Adding Functionality with Test-Driven Development

既然我们将 src/lib.rs 中的搜索逻辑与 main 函数分开了，为我们代码的核心功能编写测试就容易得多了。我们可以直接使用各种参数调用函数并检查返回值，而不必从命令行调用我们的二进制文件。

Now that we have the search logic in src/lib.rs separate from the main function, it’s much easier to write tests for the core functionality of our code. We can call functions directly with various arguments and check return values without having to call our binary from the command line.

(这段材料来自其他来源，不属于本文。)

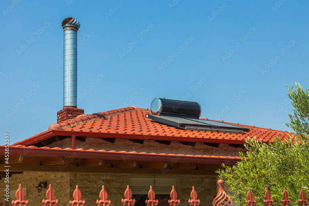 Close up view of solar cell battery on red roof on blue sky background. Greece.

在本节中，我们将使用测试驱动开发 (TDD) 过程为 minigrep 程序添加搜索逻辑，步骤如下：

In this section, we’ll add the searching logic to the minigrep program using the test-driven development (TDD) process with the following steps:

1. 编写一个失败的测试并运行它，以确保它因你预期的原因而失败。

2. 编写或修改刚好足够让新测试通过的代码。

3. 重构你刚刚添加或更改的代码，并确保测试继续通过。

4. 从第 1 步重复！

5. Write a test that fails and run it to make sure it fails for the reason you expect.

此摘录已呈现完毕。